Indian Crime thriller television series

Matsya Kaand is an Indian Hindi-language crime thriller television series produced under the banner of Banijay Asia. The series stars Ravi Dubey, Ravi Kishan, Piyush Mishra, Zoya Afroz, Madhur Mittal, Rajesh Sharma and Naved Aslam. It premiered on MX Player on 18 November 2021.

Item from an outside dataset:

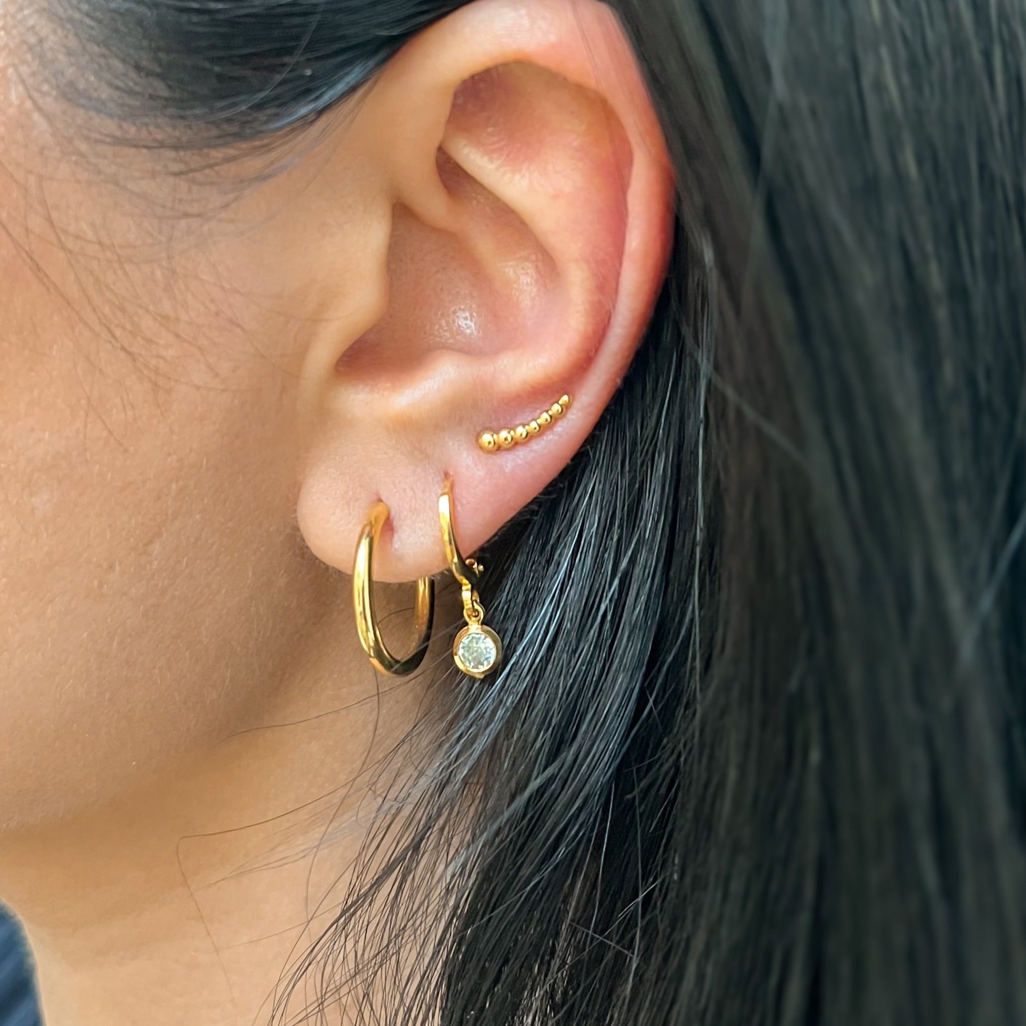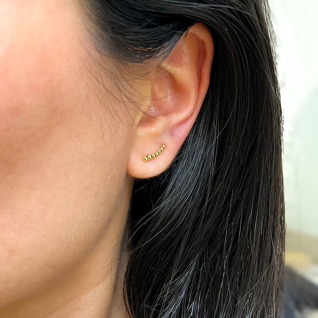 Brinco ear cuff dourado em forma de pequenas esferas. Modelo super delicado e moderno para ser usado no 1°, 2° ou 3° furo.

In December 2021, It was reported that the show crossed 100 million views since its release.

== Plot ==
Matsya Thada is an honourable con artist, who instead of using his brawn, conducts his 'kaand' with aptitude, intelligence, and charm. He's known for pulling off some of the country's most daring and biggest cons, and he always manages to get past the cops as he moves from one operation to the next. However, fate throws him a new curveball when ACP Tejraj Singh is given charge of his case. Matsya challenges ACP Tejraj to catch him if he can, which leads to a game of cat and mouse that will surely keep you on the edge of your seat. Will ACP Tejraj succeed, or will Matsya win yet again?

== Cast ==
- Ravi Dubey as Matsya
- Ravi Kishan as ACP Tejraj
- Piyush Mishra
- Zoya Afroz
- Madhur Mittal
- Rajesh Sharma
- Naved Aslam

== Production ==
The series was announced by Banijay Asia, consisting of eleven episodes for MX Player. Ravi Dubey, Ravi Kishan, Piyush Mishra, Zoya Afroz, Madhur Mittal, Rajesh Sharma and Naved Aslam joined the cast. The principal photography of the series commenced in 2021 and were primarily shot in Delhi, Meerut, Sambhar and Jaipur. Ravi Dubey and Ravi Kishan promoted the series on Bigg Boss 15.

==Reception==
Sunidhi Prajapat of OTT Play rated the series 2.5/5 stars. Hiren Kotwani of The Times of India rated the series 3/5 stars.

The series was reviewed by Manisha Lakhe for Moneycontrol.